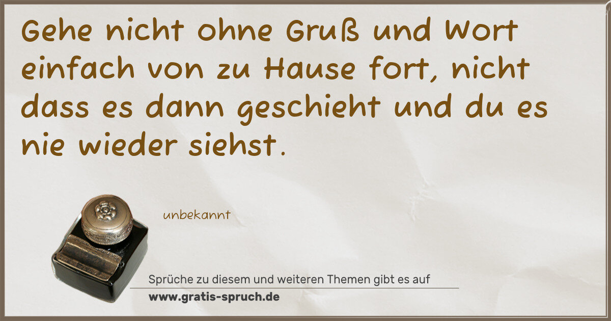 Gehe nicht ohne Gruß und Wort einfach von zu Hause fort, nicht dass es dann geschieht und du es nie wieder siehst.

• • • • • • •

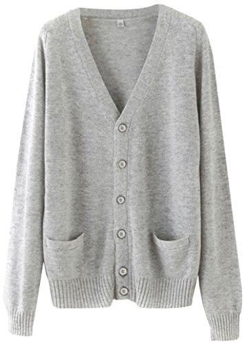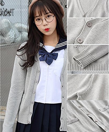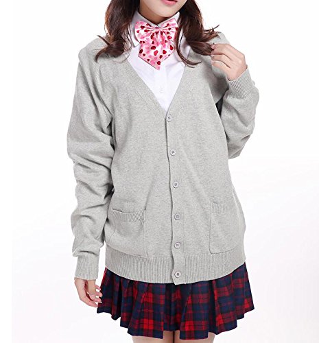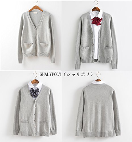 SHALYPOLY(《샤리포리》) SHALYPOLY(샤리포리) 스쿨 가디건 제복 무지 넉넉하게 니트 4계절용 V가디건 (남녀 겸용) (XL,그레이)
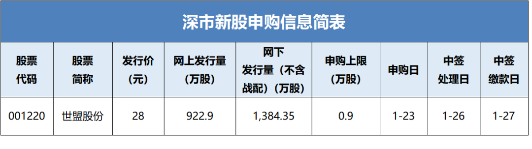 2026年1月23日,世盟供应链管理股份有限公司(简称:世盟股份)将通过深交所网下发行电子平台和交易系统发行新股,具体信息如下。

• • • • • • •

Go to the line above that contains "SHALYPOLY(《샤리포리》) SHALYPOLY(샤리포리) 스쿨" and reproduce everything exactly from there through the line that contains "2026年1月23日,世盟供", leaving out the pictures.

● Task solution:
 SHALYPOLY(《샤리포리》) SHALYPOLY(샤리포리) 스쿨 가디건 제복 무지 넉넉하게 니트 4계절용 V가디건 (남녀 겸용) (XL,그레이)
 2026年1月23日,世盟供应链管理股份有限公司(简称:世盟股份)将通过深交所网下发行电子平台和交易系统发行新股,具体信息如下。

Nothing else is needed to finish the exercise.